WHAT IS NEEDED ▸ While copying the entries exactly, leave out each picture they contain.
══ INPUT DATA
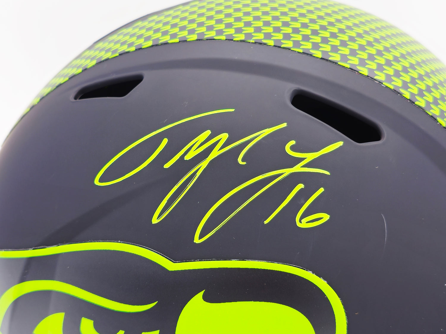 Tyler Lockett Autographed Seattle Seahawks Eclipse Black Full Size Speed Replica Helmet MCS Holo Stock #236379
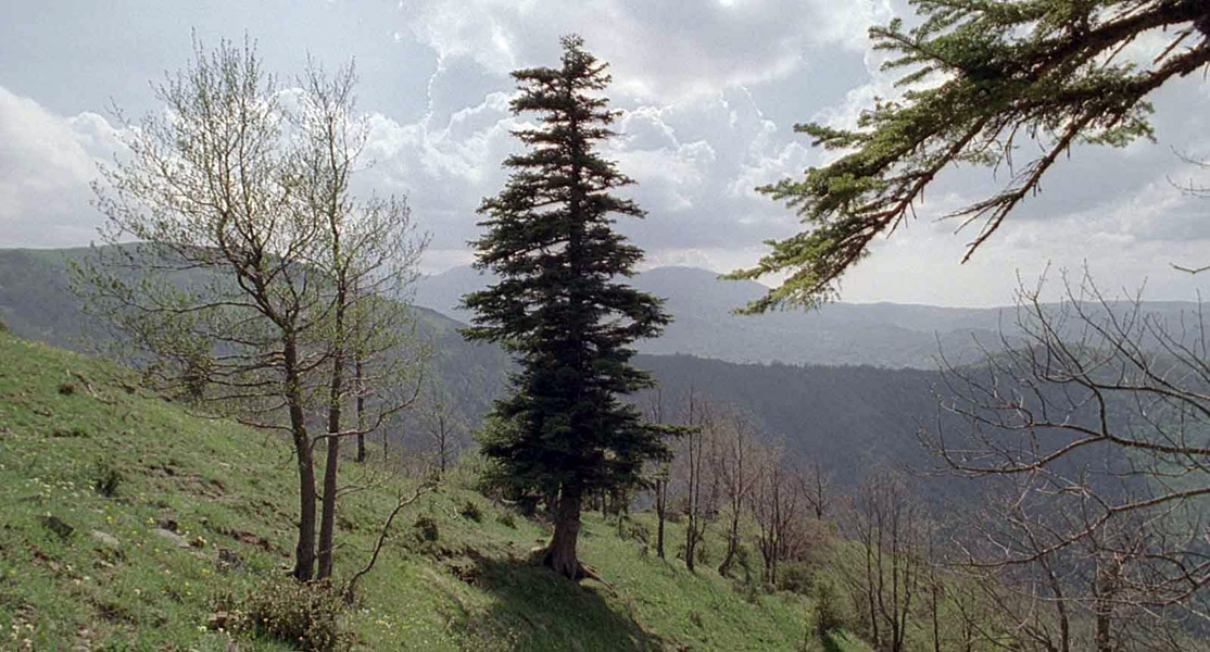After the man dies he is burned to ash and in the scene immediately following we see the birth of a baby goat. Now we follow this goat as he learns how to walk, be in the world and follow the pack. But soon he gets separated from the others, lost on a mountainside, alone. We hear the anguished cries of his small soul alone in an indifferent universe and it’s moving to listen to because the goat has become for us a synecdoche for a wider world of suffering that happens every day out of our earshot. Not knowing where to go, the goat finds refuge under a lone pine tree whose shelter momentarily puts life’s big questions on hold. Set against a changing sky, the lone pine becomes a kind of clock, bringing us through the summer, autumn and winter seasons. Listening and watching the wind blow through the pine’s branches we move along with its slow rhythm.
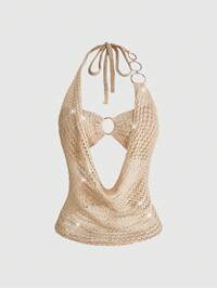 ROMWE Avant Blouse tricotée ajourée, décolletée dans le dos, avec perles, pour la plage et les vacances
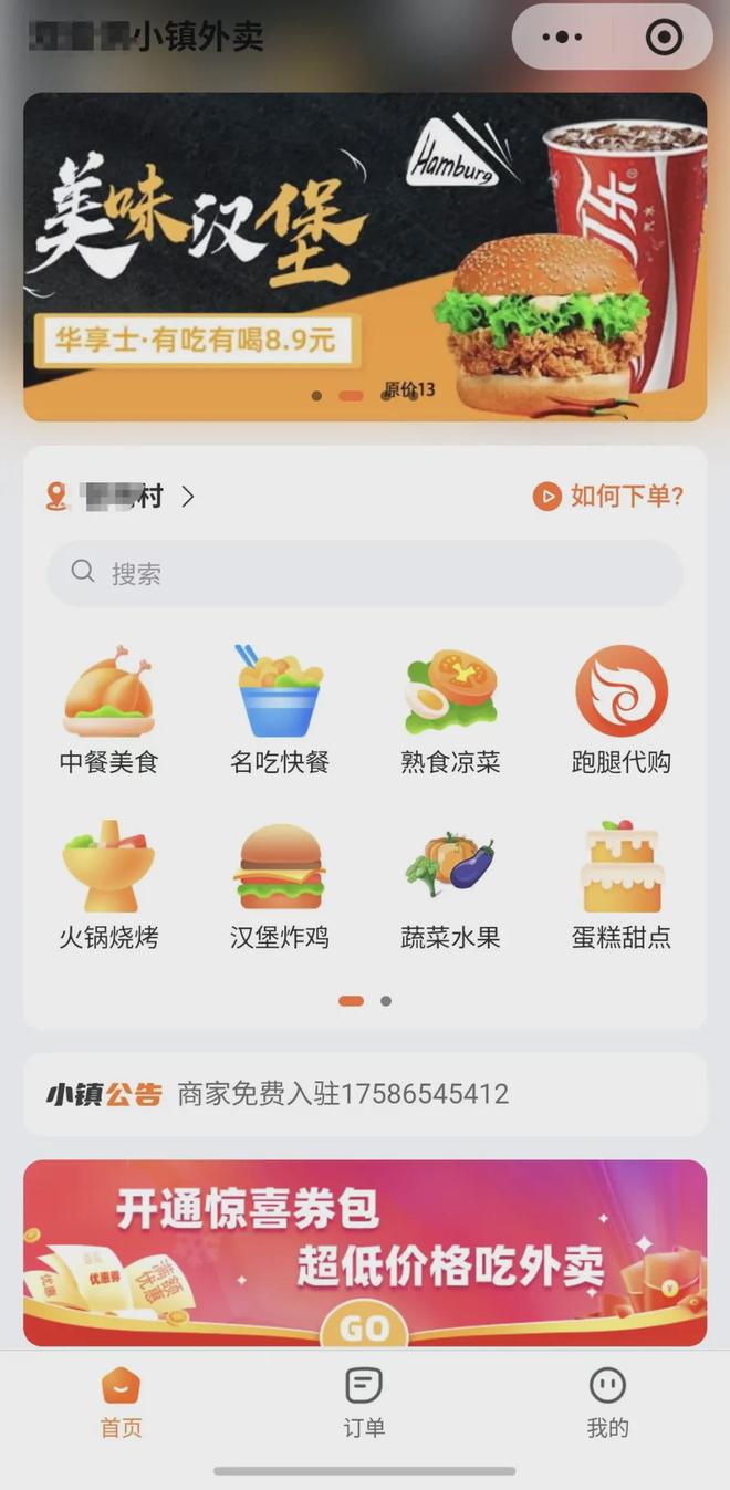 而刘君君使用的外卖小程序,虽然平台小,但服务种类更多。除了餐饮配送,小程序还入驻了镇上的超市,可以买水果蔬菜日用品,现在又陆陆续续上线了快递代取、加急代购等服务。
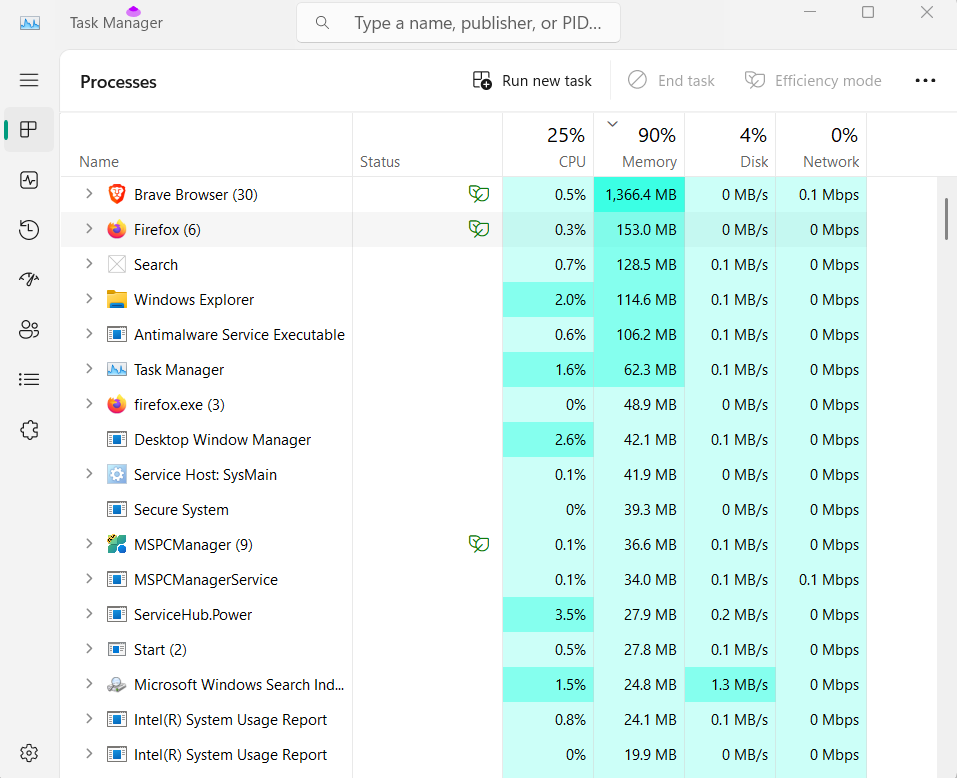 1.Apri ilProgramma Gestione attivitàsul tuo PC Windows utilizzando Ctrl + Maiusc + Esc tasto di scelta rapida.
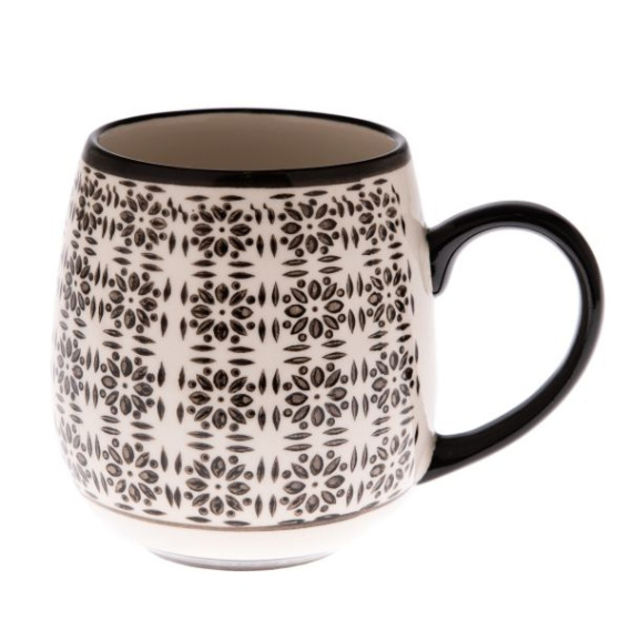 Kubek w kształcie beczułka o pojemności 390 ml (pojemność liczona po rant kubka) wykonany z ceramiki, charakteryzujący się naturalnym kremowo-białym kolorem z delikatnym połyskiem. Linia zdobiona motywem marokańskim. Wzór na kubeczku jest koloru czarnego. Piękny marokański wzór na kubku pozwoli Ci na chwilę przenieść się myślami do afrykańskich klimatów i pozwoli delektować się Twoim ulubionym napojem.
════
RESULT OF THE EXERCISE ▸
 Tyler Lockett Autographed Seattle Seahawks Eclipse Black Full Size Speed Replica Helmet MCS Holo Stock #236379
After the man dies he is burned to ash and in the scene immediately following we see the birth of a baby goat. Now we follow this goat as he learns how to walk, be in the world and follow the pack. But soon he gets separated from the others, lost on a mountainside, alone. We hear the anguished cries of his small soul alone in an indifferent universe and it’s moving to listen to because the goat has become for us a synecdoche for a wider world of suffering that happens every day out of our earshot. Not knowing where to go, the goat finds refuge under a lone pine tree whose shelter momentarily puts life’s big questions on hold. Set against a changing sky, the lone pine becomes a kind of clock, bringing us through the summer, autumn and winter seasons. Listening and watching the wind blow through the pine’s branches we move along with its slow rhythm.
 ROMWE Avant Blouse tricotée ajourée, décolletée dans le dos, avec perles, pour la plage et les vacances
 而刘君君使用的外卖小程序,虽然平台小,但服务种类更多。除了餐饮配送,小程序还入驻了镇上的超市,可以买水果蔬菜日用品,现在又陆陆续续上线了快递代取、加急代购等服务。
 1.Apri ilProgramma Gestione attivitàsul tuo PC Windows utilizzando Ctrl + Maiusc + Esc tasto di scelta rapida.
 Kubek w kształcie beczułka o pojemności 390 ml (pojemność liczona po rant kubka) wykonany z ceramiki, charakteryzujący się naturalnym kremowo-białym kolorem z delikatnym połyskiem. Linia zdobiona motywem marokańskim. Wzór na kubeczku jest koloru czarnego. Piękny marokański wzór na kubku pozwoli Ci na chwilę przenieść się myślami do afrykańskich klimatów i pozwoli delektować się Twoim ulubionym napojem.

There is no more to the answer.